Amazon will assist its hometown city of Seattle with at-home COVID-19 testing, according to a report from CNBC on Monday.
The test kits are provided by the Seattle Coronavirus Assessment Network (SCAN), a research effort based on the prior Seattle Flu Study initiative that is now dedicated to better understanding the spread of the novel coronavirus. It has funding from Microsoft co-founder Bill Gates’ private Gates Ventures investment arm and receives technical assistance from his philanthropic group, the Bill and Melinda Gates Foundation.
The effort mirrors one in the San Francisco Bay Area funded by Facebook CEO Mark Zuckerberg’s philanthropic and medical research groups. Both represent some of the most significant corporate investments in trying to make up for the failures of the federal government in rolling out widespread testing to the US.

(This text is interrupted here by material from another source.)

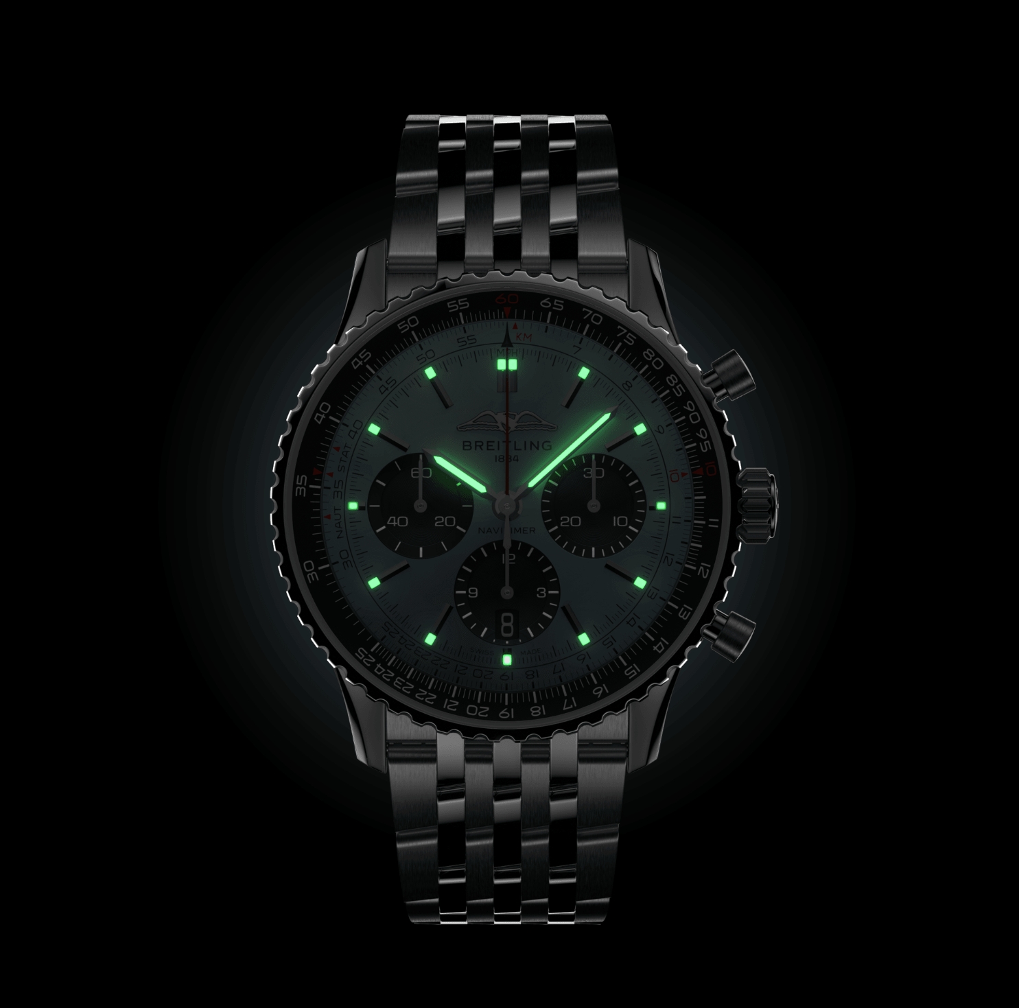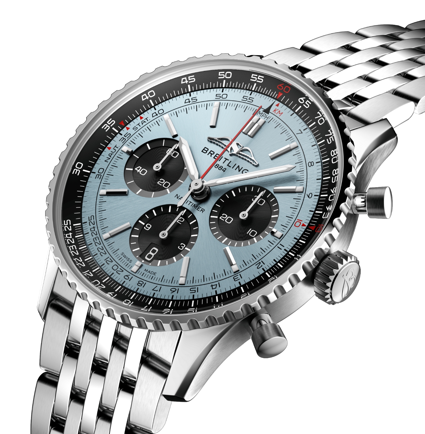 Breitling’s iconic pilot’s chronograph – for the journey. In 1952, Willy Breitling developed a wrist-worn chronograph with a circular slide rule that would allow pilots to perform all necessary flight calculations. Two years later, the Aircraft Owners and Pilots Association (AOPA) announced the design as its official timepiece. The “navigation timer” – or Navitimer – was born. The AOPA was (and remains) the largest pilots’ club in the world, counting nearly every US aviator among its ranks. As the defacto pilot’s watch throughout the glory days of civil aviation, the Navitimer was worn by airline captains and aircraft enthusiasts. It even made its way into space on the wrist of astronaut Scott Carpenter in 1962. And it wasn’t only pilots drawn to the watch’s irrepressible aesthetic. Celebrities of the day such as Miles Davis and Serge Gainsbourg were devotees, proving that the Navitimer had style as well as function. There have been many iterations of Breitling’s icon since its debut 70 years ago, but this new Navitimer captures its most classic features, while enhancing them with modern refinements. A flattened slide rule and a domed crystal create the illusion of a sleeker profile. Alternating polished and brushed metal elements give a lustrous, yet understated finish. Most notably, new colors in shades of blue, green and copper, define the updated dial options. And if there is one update sure to spark nostalgia, it’s the return of the AOPA wings to their original position at 12 o’clock. For 70 years, Breitling’s original pilot’s watch has been beloved by aviators and tastemakers in equal measure. Worn by astronauts in space and the biggest stars on earth, it is Breitling’s most iconic timepiece and one of the most recognizable watches of all time.
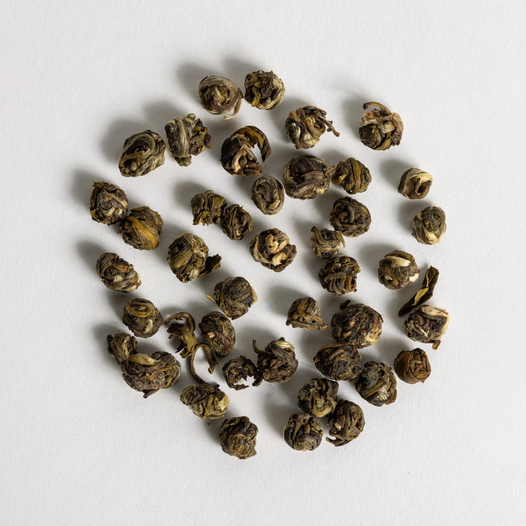 Silvery, fluffy green tea buds tied together into pearls. Produces a fresh, herbaceous and slightly floral flavor.

Amazon will carry out the test deliveries and pickup through its existing Amazon Care arm, an internal healthcare platform dedicated to Amazon employees and their families. Yet COVID-19 testing won’t be restricted to just Amazon employees. Anyone in the Seattle area will be eligible through SCAN, including children and those who aren’t displaying flu-like symptoms but may be asymptomatic. According to CNBC, “All the couriers involved have been trained in handling medical material, and they will distribute the self-swab kits to the homes of those who have requested them.”
“Responding to the rapidly evolving COVID-19 crisis must be a community effort and requires support from both the private and public sectors,” Kristen Helton, the director of Amazon Care, told CNBC in a statement. “We are grateful to be surrounded by a strong community of public health, global health and academic leaders and are eager to leverage Amazon Care’s infrastructure and logistics capabilities to support this local effort.”
Seattle and the surrounding area of King County have been among the hardest-hit metropolitan area in the US during the coronavirus pandemic, with more than 2,000 confirmed COVID-19 cases and over 100 deaths.